**** Task input

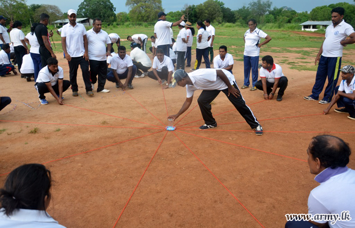A training workshop on ‘Leadership Abilities and Positive Attitudes’ for officials in Municipal Councils and Urban Councils was conducted concurrently by Army Officers at Diyatalawa Marksmanship and Sniper Training School, Diyatalawa Volunteer Force Training School, Kalaththewa Armoured Corps Training Centre, Minneriya School of Artillery, Embilipitiya Sri Lanka Army Engineers' Training school and Pangolla 5 Sri Lanka Armoured Corps during May 14-18 at those respective places.
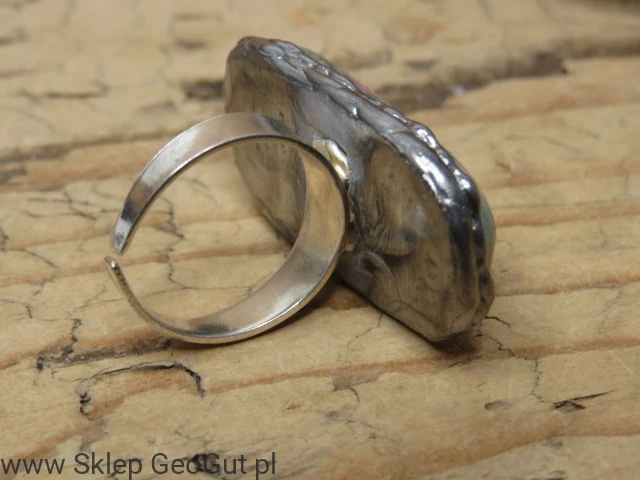 Obrączka jest posrebrzana i regulowana, dzięki czemu pierścionek dopasowuje się do większości rozmiarów palców.
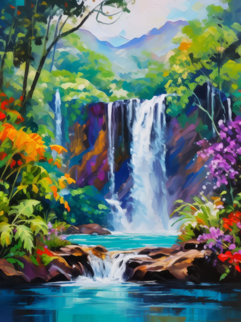 A majestic waterfall in a tropical rainforest, with water splashing onto rocks and plants.
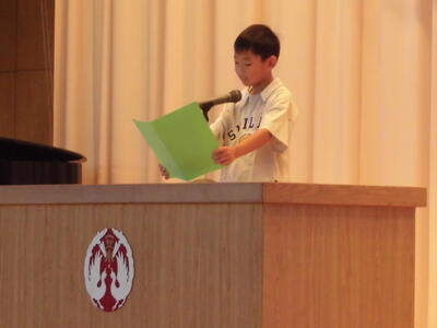 本日の朝の活動は、2・5年生による安唱タイムでした。5年生は国語の学習で学んだ古典より、竹取物語や平家物語等の音読をしました。2年生は、落語の代表的な「寿限無」等を暗唱し、発表しました。どちらの学年も、全校生の前で堂々と発表することができました。
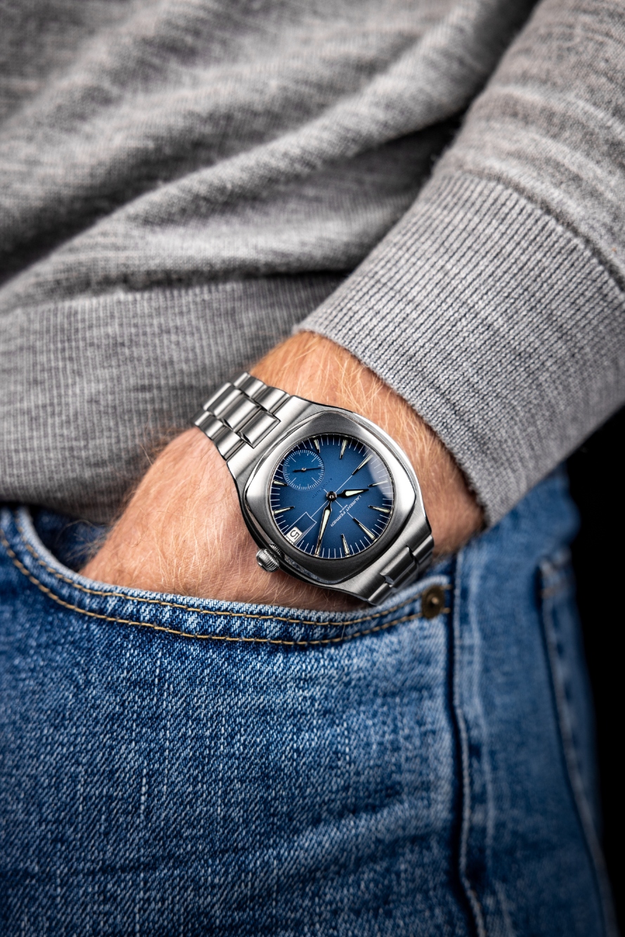 Un sutil azul degradado con un acabado opalino domina la esfera, contrastada con una escala de minutos gris y una cruz central, así como una esfera con segundero pequeño a las 6 en punto con marcadores en forma de caracol en color gris polvo. Índices y agujas en forma de punta de lanza “Assegai” de oro blanco y rellenas de Super-LumiNova verde, y una ventanilla de fecha biselada a las 3 completan el resto de elementos concebidos para ofrecer la máxima legibilidad y contraste.

********

Return every record exactly, minus the pictures.

A training workshop on ‘Leadership Abilities and Positive Attitudes’ for officials in Municipal Councils and Urban Councils was conducted concurrently by Army Officers at Diyatalawa Marksmanship and Sniper Training School, Diyatalawa Volunteer Force Training School, Kalaththewa Armoured Corps Training Centre, Minneriya School of Artillery, Embilipitiya Sri Lanka Army Engineers' Training school and Pangolla 5 Sri Lanka Armoured Corps during May 14-18 at those respective places.
 Obrączka jest posrebrzana i regulowana, dzięki czemu pierścionek dopasowuje się do większości rozmiarów palców.
 A majestic waterfall in a tropical rainforest, with water splashing onto rocks and plants.
 本日の朝の活動は、2・5年生による安唱タイムでした。5年生は国語の学習で学んだ古典より、竹取物語や平家物語等の音読をしました。2年生は、落語の代表的な「寿限無」等を暗唱し、発表しました。どちらの学年も、全校生の前で堂々と発表することができました。
 Un sutil azul degradado con un acabado opalino domina la esfera, contrastada con una escala de minutos gris y una cruz central, así como una esfera con segundero pequeño a las 6 en punto con marcadores en forma de caracol en color gris polvo. Índices y agujas en forma de punta de lanza “Assegai” de oro blanco y rellenas de Super-LumiNova verde, y una ventanilla de fecha biselada a las 3 completan el resto de elementos concebidos para ofrecer la máxima legibilidad y contraste.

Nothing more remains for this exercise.